## Work required
Reproduce the listing that follows in full. Omit its images.

## Given material
━━━

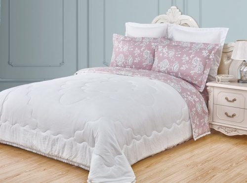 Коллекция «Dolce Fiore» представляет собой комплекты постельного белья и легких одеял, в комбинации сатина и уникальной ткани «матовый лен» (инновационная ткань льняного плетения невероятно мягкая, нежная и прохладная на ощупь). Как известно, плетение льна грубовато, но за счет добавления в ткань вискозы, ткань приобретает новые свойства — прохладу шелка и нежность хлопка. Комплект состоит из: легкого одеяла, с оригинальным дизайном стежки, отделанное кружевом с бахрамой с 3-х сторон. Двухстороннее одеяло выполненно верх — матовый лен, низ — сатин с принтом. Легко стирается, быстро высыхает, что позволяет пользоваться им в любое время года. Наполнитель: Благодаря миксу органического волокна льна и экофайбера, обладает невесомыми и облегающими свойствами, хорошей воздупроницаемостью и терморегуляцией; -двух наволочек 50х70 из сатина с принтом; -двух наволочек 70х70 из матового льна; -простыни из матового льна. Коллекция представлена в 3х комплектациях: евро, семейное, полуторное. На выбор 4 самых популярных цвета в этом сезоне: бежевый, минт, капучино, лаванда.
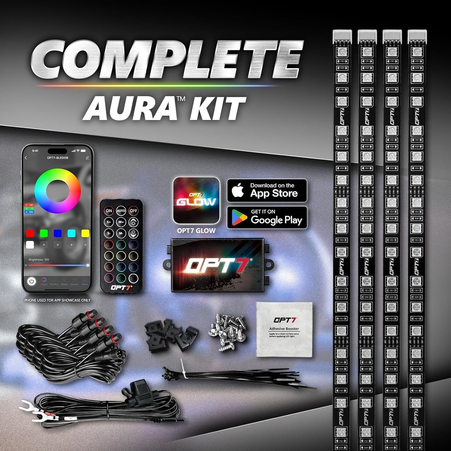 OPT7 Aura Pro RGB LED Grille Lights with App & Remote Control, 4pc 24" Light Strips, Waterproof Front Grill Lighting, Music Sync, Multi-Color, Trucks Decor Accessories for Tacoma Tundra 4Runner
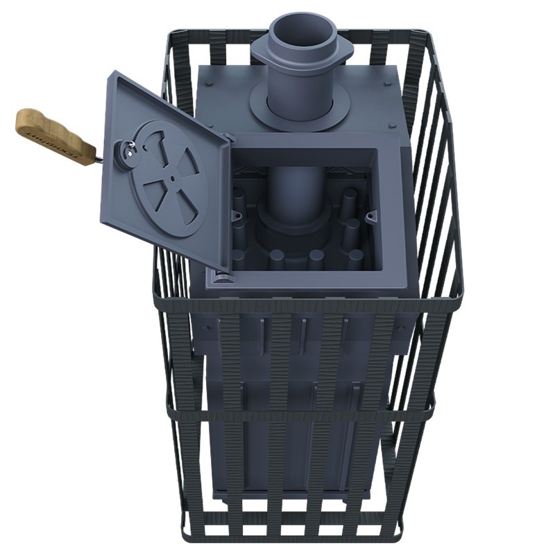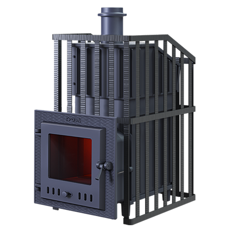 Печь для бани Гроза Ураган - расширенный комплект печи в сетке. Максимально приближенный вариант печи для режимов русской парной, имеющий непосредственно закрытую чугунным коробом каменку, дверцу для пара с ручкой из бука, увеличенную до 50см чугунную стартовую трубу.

━━━

## Exercise output
 Коллекция «Dolce Fiore» представляет собой комплекты постельного белья и легких одеял, в комбинации сатина и уникальной ткани «матовый лен» (инновационная ткань льняного плетения невероятно мягкая, нежная и прохладная на ощупь). Как известно, плетение льна грубовато, но за счет добавления в ткань вискозы, ткань приобретает новые свойства — прохладу шелка и нежность хлопка. Комплект состоит из: легкого одеяла, с оригинальным дизайном стежки, отделанное кружевом с бахрамой с 3-х сторон. Двухстороннее одеяло выполненно верх — матовый лен, низ — сатин с принтом. Легко стирается, быстро высыхает, что позволяет пользоваться им в любое время года. Наполнитель: Благодаря миксу органического волокна льна и экофайбера, обладает невесомыми и облегающими свойствами, хорошей воздупроницаемостью и терморегуляцией; -двух наволочек 50х70 из сатина с принтом; -двух наволочек 70х70 из матового льна; -простыни из матового льна. Коллекция представлена в 3х комплектациях: евро, семейное, полуторное. На выбор 4 самых популярных цвета в этом сезоне: бежевый, минт, капучино, лаванда.
 OPT7 Aura Pro RGB LED Grille Lights with App & Remote Control, 4pc 24" Light Strips, Waterproof Front Grill Lighting, Music Sync, Multi-Color, Trucks Decor Accessories for Tacoma Tundra 4Runner
 Печь для бани Гроза Ураган - расширенный комплект печи в сетке. Максимально приближенный вариант печи для режимов русской парной, имеющий непосредственно закрытую чугунным коробом каменку, дверцу для пара с ручкой из бука, увеличенную до 50см чугунную стартовую трубу.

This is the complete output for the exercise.